For anyone sailing the cyber seas solo, such fears are probably quite well founded.

“In some sense, it has gotten worse for the individual,” according to Doug Jacobson at ISEAGE. The focus there is on large networks, not home computers, and “as we build better fences – which is what we tend to do as humans, we build fences and stand behind them – attackers tend to target the individuals.”

Typically, hackers are out to swipe information or to use individual computers as part of a spam-sending network. The bigger and faster the network, the more appealing it is to people with nefarious intentions. For example, “here at Iowa State, they like to grab our computers to store pirated movies, because we have a high-speed network,” Jacobson said.

According to IronPort Systems, a Web security products provider, we’re up to 120 billion spam messages worldwide every day. In 2007, “more than 83 percent of spam contained a URL to a rogue Web server,” the company says on its Web site, and URL-based viruses increased 250 percent.

“Many administrators believe they have secured their infrastructures, and that spam is nothing more than an irritant,” IronPort says. “The truth: Spam is being used as a gateway, designed to lure users to dangerous sites.”

Even at a university stocked with students who grew up with computers and sprinkled with world-class computer experts, “all it takes is one person to make that one mistake,” Jacobson said, and eventually someone does.

Security definitely sounds like a growth industry, and ISU seems to be in position to take in lots of grant money. Many universities conduct computer security research, but Jacobson said ISU is among the leaders.
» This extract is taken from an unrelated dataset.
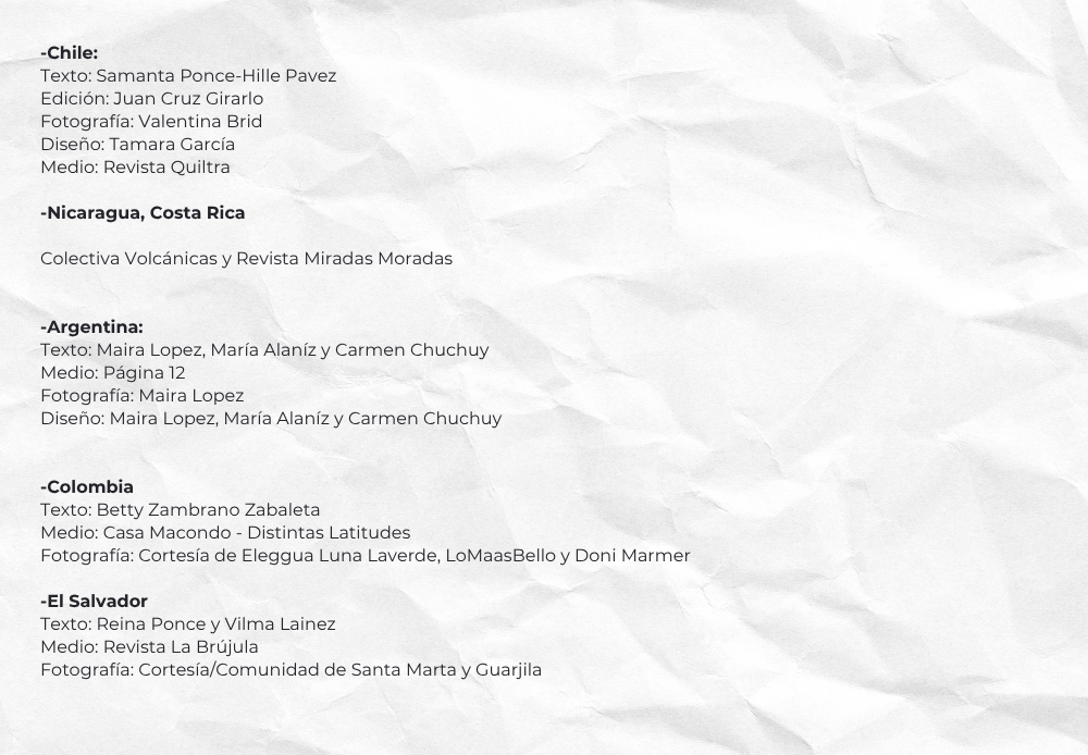Finalmente, hay historias que se presentan como llaves para explorar saberes feministas y comunitarios, esos que se comparten en asambleas, casas familiares, talleres y acompañamientos. En Venezuela, un reportaje nos muestra una historia colectiva de quienes caminan con mujeres en su decisión de abortar. En un país expuesto a todas las miradas y lecturas políticas, las feministas articulan, en la cotidianidad, la soberanía del cuerpo y del territorio desde su propias vivencias. En la ruralidad del Salvador, país que exporta a la región el modelo de seguridad basada en la militarización, mujeres y jóvenes sostienen la organización comunitaria, para responder a la violencia de género y al escaso acceso a educación sexual en las zonas rurales, que muestra los efectos en embarazos de niñas y adolescentes. Asimismo, desde el Chaco Argentino, la voz de mujeres indígenas logra enlazar los impactos del ajuste del gobierno de Milei en el territorio, en la salud, en el ambiente y en la reproducción, y desde esa mirada interseccionada las mujeres proponen alternativas a la desigualdad.

“Iowa State is one of the top five” universities in the field, he claimed. The National Security Agency has designated about 85 colleges and universities as centers of excellence, and ISU is the only school from our state on the list. “We were one of the first seven to be certified,” Jacobson said.

Not only does this specialty bring in federal money, but students all over the world, including members of the military in Europe and Asia, take ISU courses in computer security online, Jacobson said.

It would have been terrific if Iowa State University had patented that first computer and made Central Iowa rich when the information revolution began. But at least we’re cashing in on phase two.